◆ Exercise description: The answer must be only the lines below from the one holding "空華 朱比子さんの天格は20画の1点!" down to the one holding "BH&G Set of", ends included, printed exactly; please omit all pictures.

◆ Given data:
______________________________
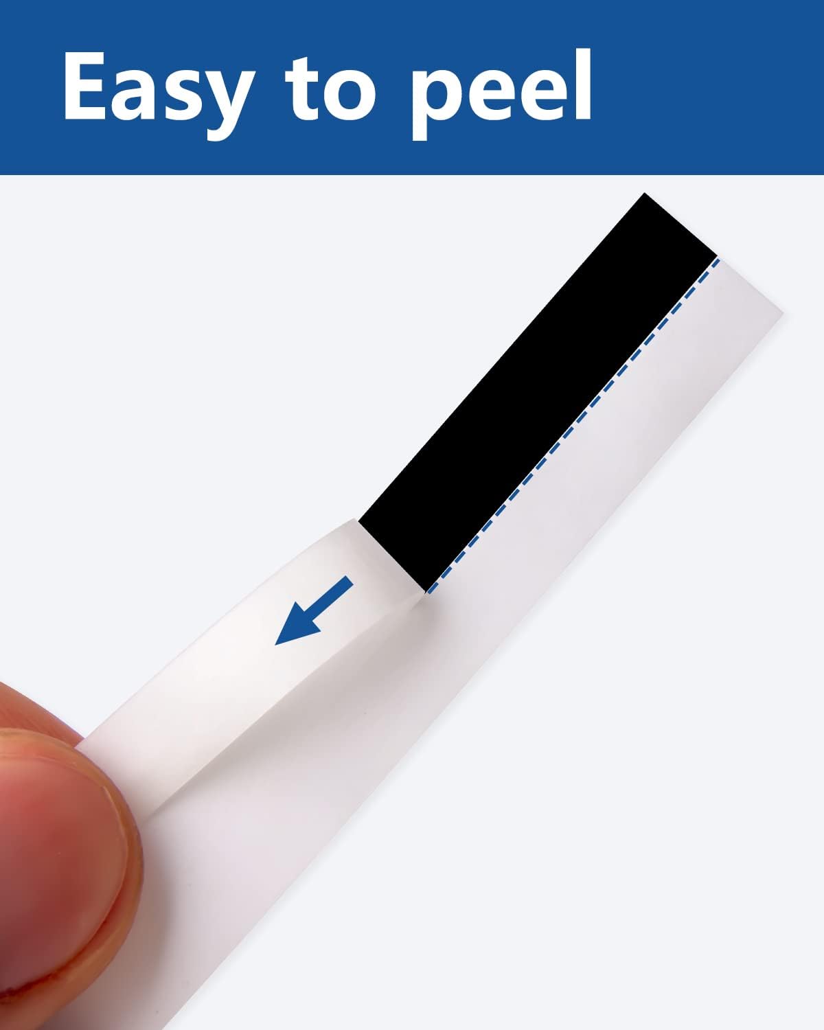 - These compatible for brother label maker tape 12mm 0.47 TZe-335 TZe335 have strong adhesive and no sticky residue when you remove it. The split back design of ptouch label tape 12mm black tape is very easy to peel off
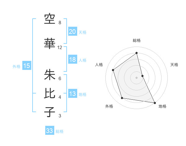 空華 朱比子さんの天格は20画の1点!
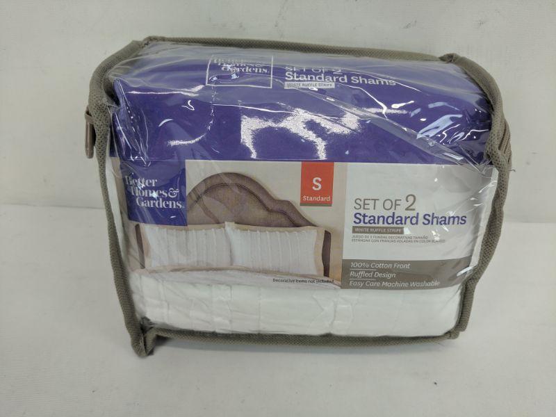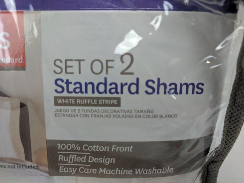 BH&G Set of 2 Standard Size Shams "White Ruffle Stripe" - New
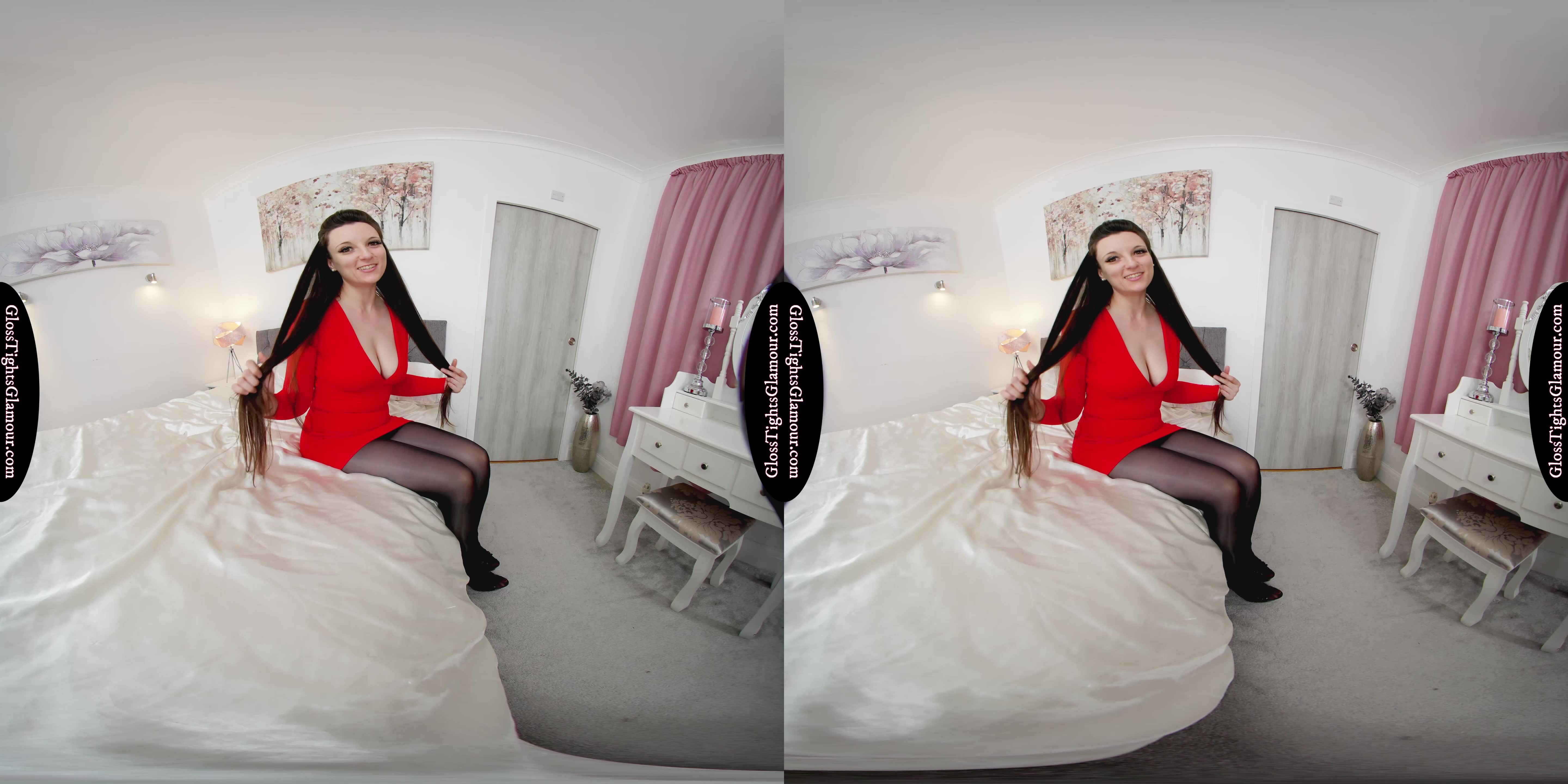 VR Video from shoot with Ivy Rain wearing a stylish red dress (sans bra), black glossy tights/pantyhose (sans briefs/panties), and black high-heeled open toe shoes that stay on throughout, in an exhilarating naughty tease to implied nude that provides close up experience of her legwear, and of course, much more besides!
______________________________
◆ Solution:
 空華 朱比子さんの天格は20画の1点!
 BH&G Set of 2 Standard Size Shams "White Ruffle Stripe" - New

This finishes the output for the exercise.